Selected analytical data for 2b: mp 166-167 °C. IR: νmax = 3260, 1642, 1580, 1519, 1339, 1289, 1267, 1226, 1052, 994, 872, 789 cm-1. 1H NMR (300 MHz, CDCl3): δ = 2.28 (s, 3 H, CH3), 3.96 (s, 3 H, OCH3), 3.97 (s, 3 H, OCH3), 4.58 (d, 2 H, J = 5.3 Hz, CH2), 5.85 (d, 1 H, J = 3.0 Hz, HFur), 5.98 (br s, 1 H, NH), 6.22 (d, 1 H, J = 3.0 Hz, HFur), 6.91 (s, 1 H, HAr), 7.90 (s, 1 H, HAr). MS: m/z (%) = 302 (10) [M+ - 18], 215 (22), 194 (58), 181 (22), 164 (49), 150 (13), 136 (76), 110 (100), 95 (96). Anal.
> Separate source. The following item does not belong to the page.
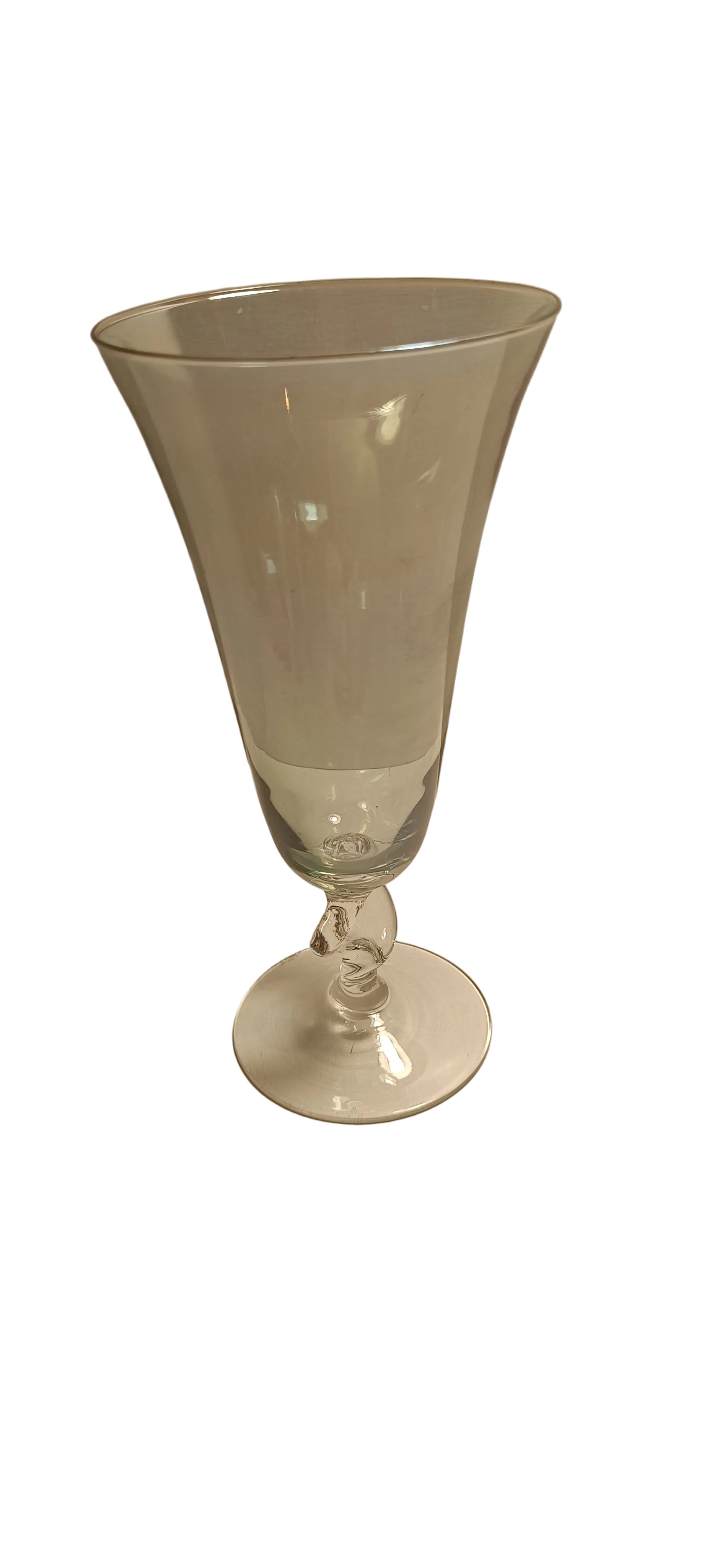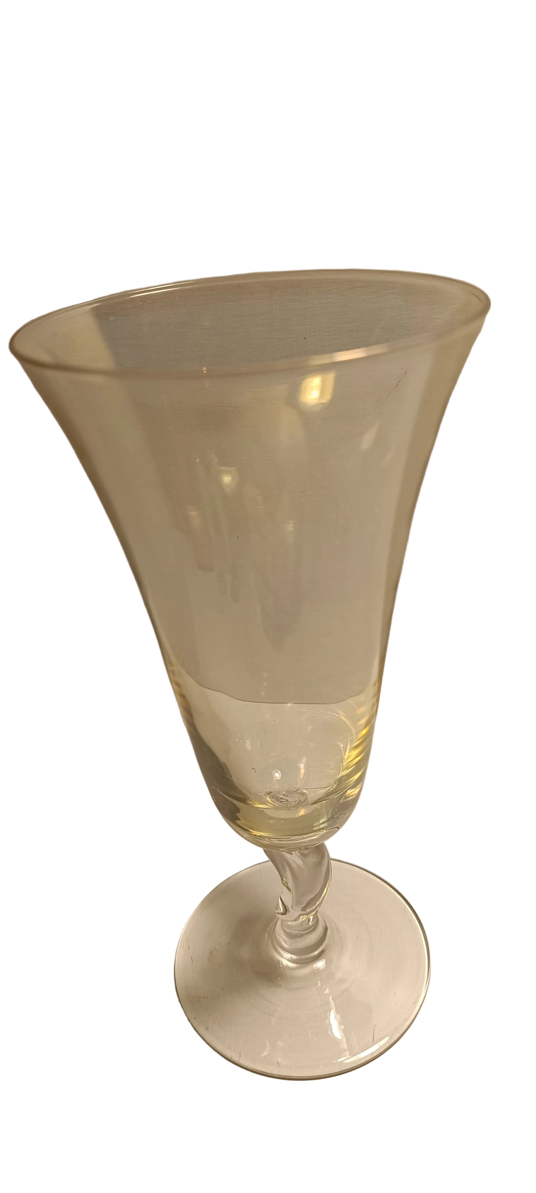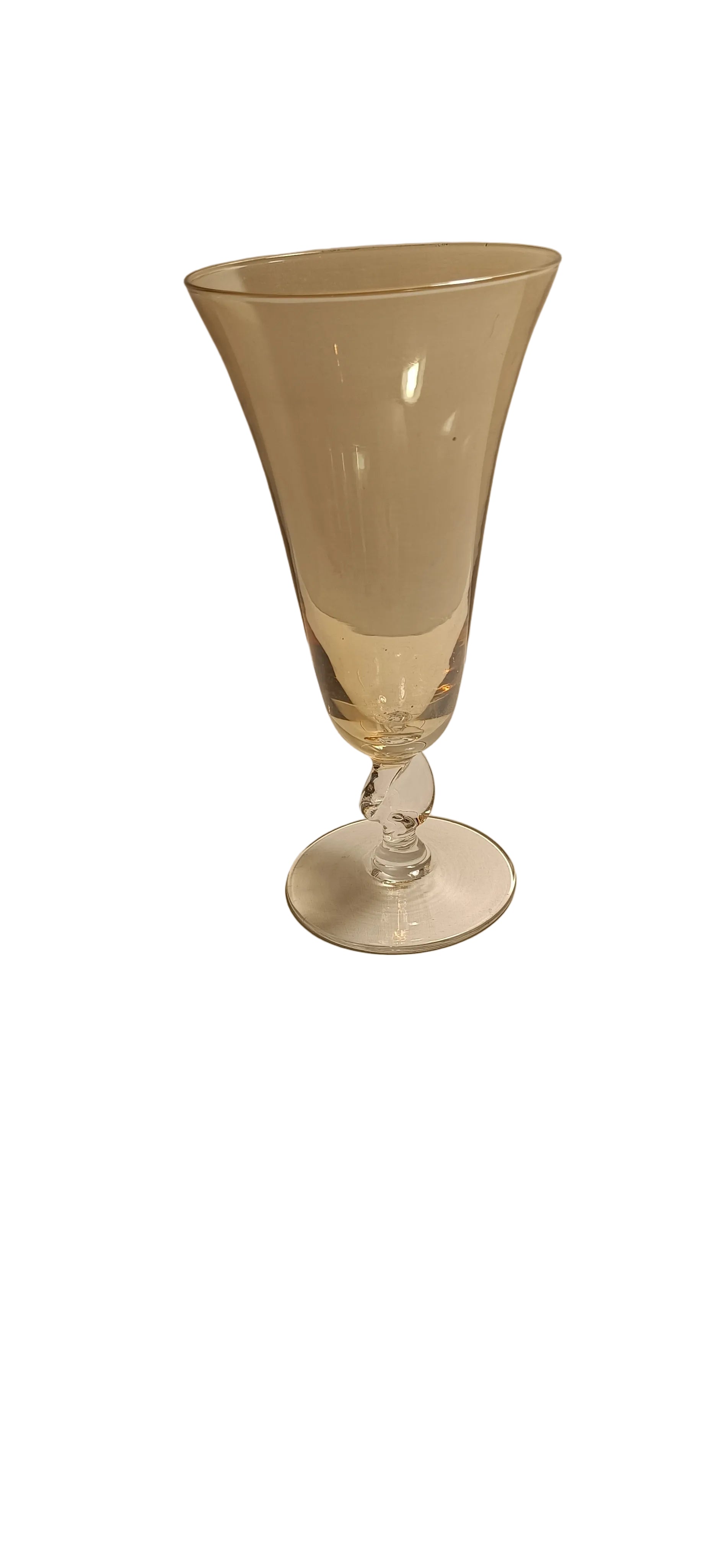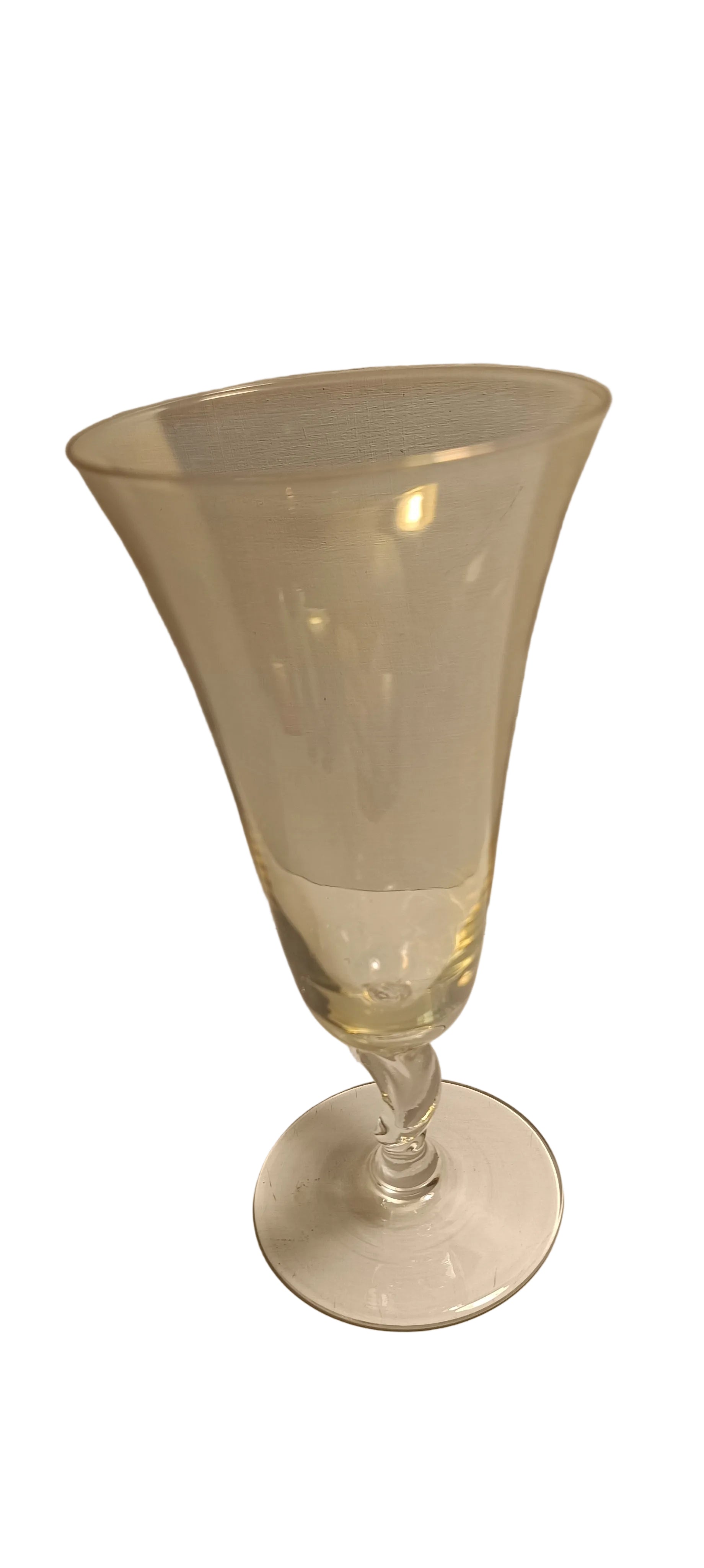 Lot de quatre coupes anciennes de différentes couleurs avec le pied torsadé.
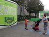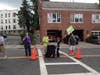Then on Saturday, the meat product company really took over one part of town with a sandwich-giveaway operation in the lot across from Village Hall, on the sidewalks, and even...the street.

Calcd for C15H16N2O6: C, 56.25; H, 5.03; N, 8.75. Found: C, 56.12; H, 5.09; N, 8.80.
16
General Procedure for the Preparation of Compounds 3a,b
A mixture of amide 2a,b (4.3 mmol), hydrazine hydrate (1.5 mL) and activated Raney nickel (1.0 g) in EtOH (60 mL) was refluxed for 10-20 min until complete conversion of 2a,b (TLC). The mixture was filtered, and the filtrate was evaporated to dryness under reduced pressure. The residue was decolorized with charcoal in EtOAc-PE solution. The solvent was removed in vacuo and the resulting product was recrystallized from PE-CH2Cl2 to afford amino amides 3a,b.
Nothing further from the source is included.